Dass Luca auf einmal nicht mehr krabbeln konnte, wurde zunächst als so genannter Hüftschnupfen abgetan, eine unbedenkliche Gelenkerkrankung. Auch ein Orthopäde half nicht weiter. Nach einem Komplettcheck mit Knochenmarkpunktion stand die Diagnose Leukämie fest. Die nächsten acht Wochen verbrachte Cora Werner mit Luca auf der Regenbogen-Station an der Würzburger Universitätsklinik.
"Es war ganz komisch", erinnert sich Cora Werner an das Leben im Krankenhaus. "Da liefen Kinder mit den Infusionsflaschenhaltern rum, lachten und spielten." Mit den anderen Eltern auf der Station verband das Paar das gleiche Schicksal und die Angst um das eigene Kind. "Das schweißt zusammen", sagt die junge Mutter.
Sie hatte das Gefühl: "Da lebt eine riesengroße Familie."
Unterstützt wurde Cora Werner von ihrem Mann Mario, der bei seiner Schwester in Würzburg übernachtet hatte, um täglich bei Frau und Sohn sein zu können. "Es war eine schwere Zeit. Wir sind froh, dass wir darüber hinweggekommen sind", sagt Mario Werner. Nach zwei Jahren stationärer und ambulanter Pflege geht es Luca wieder gut, doch ist die Angst vor einem Rückschlag bei seinen Eltern immer vorhanden. Luca hat keine Erinnerungen an die Zeit auf der Regenbogen-Station und die Eltern möchten auch keine bei ihm wecken.

Oktoberfest-Gewinn

Damit die Regenbogen-Station ihr Angebot für betroffene Familien aufrecht erhalten kann, haben die Speicherzer "Schulströsser" den Gewinn aus ihrem Oktoberfest gespendet. Bernhard Kretz hatte bei der Universitätsklinik die Spendenbereitschaft zum Ausdruck gebracht und die Kontaktdaten von Cora Werner bekommen. Zum sechsten Mal hatten die "Schulströsser" zum Oktoberfest an die Feierabendecke an der "Zeiersch Hall" geladen und wieder festgestellt, dass es sich lohne, für den guten Zweck ein Bier mehr zu trinken. Bürgermeister Jochen Vogel freut sich über die Spendenbereitschaft: "Das festigt die Gemeinschaft." Bernhard Kretz bemerkte, dass die Gemeinschaft, die schon vorher bestanden hatte, seitdem "intensiver geworden ist."

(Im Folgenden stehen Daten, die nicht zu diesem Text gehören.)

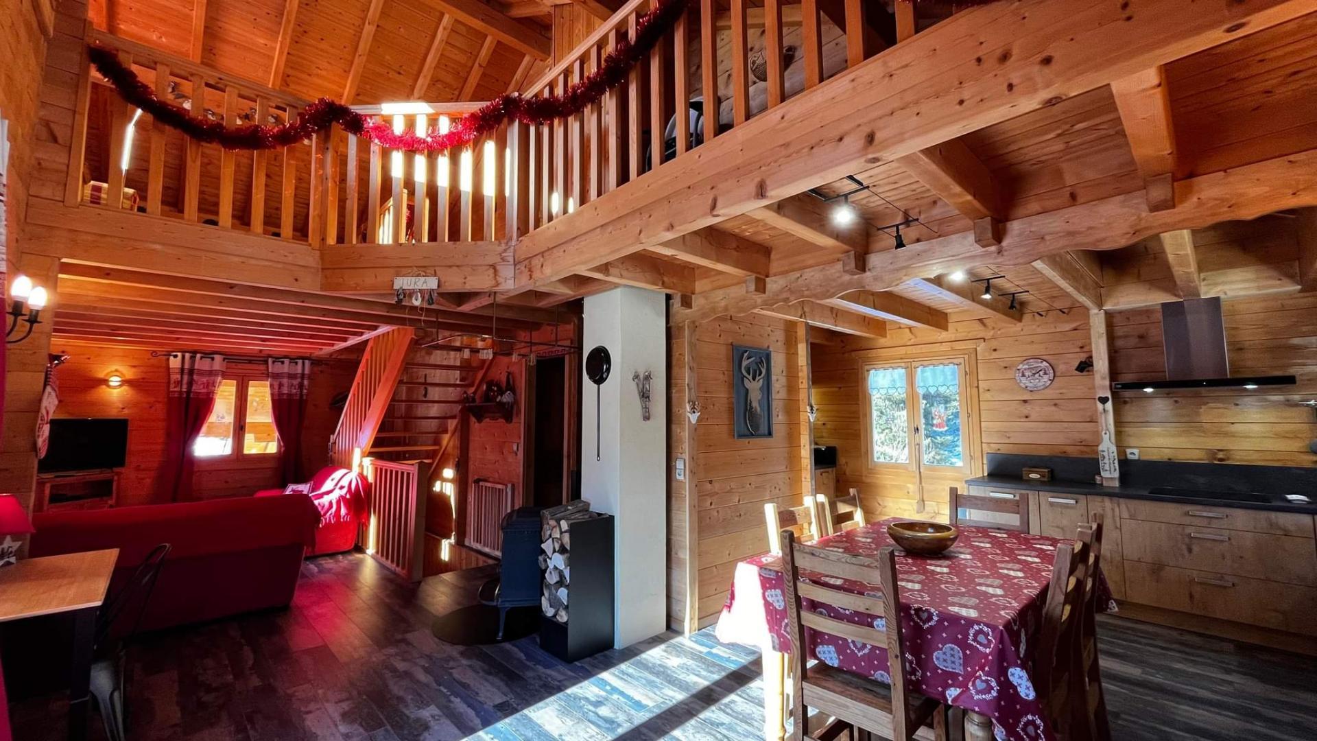 Chalet indépendant, entrée au rez de chaussée, à l'étage: séjour-salon, poêle à bois, lecteur DVD, cuisine intégrée avec 1 senseo et cafetiere filtre, congélateur, salle d'eau, wc indépendant, ch1 : suite parentale 1 lit 2 pl avec salle d'eau et wc attenants ch2: 1 lit 2 pl. Au 2ème étage: mezzanine avec coin-détente et canapé, ch3: 2 lits 1 pl, chauffage électrique, salon de jardin, barbecue, balcon-terrasse, terrain attenant, abri voiture. Toutes charges comprises. Possibilité 2 lits 1 pl supplémentaires dans la 3ème chambre. Équipement Bébé. Les lits sont équipés de couettes et oreillers : prévoir les housses adaptées. Supplément de 11€/pers/nuit au delà de 6 pers. Parking privé sur place.

Trotz kundenfreundlicher Preise war beim Oktoberfest ein Gewinn von 1300 Euro zusammengekommen. 300 Euro werden für das Schulströsser Patenkind in Kamerun an die Organisation Plan International überwiesen. 1000 Euro erhält die Regenbogen-Station. Das Geld soll dort eingesetzt werden, wo es am nötigsten gebraucht wird. Cora Werner kann sich vorstellen, dass es für die Ausstattung des Spielzimmers verwendet werden kann. Sie ist froh, dass sie die an der Regenbogen-Station erfahrene Hilfe wieder zurückgeben kann: "Uns wurde geholfen, und anderen soll auch geholfen werden."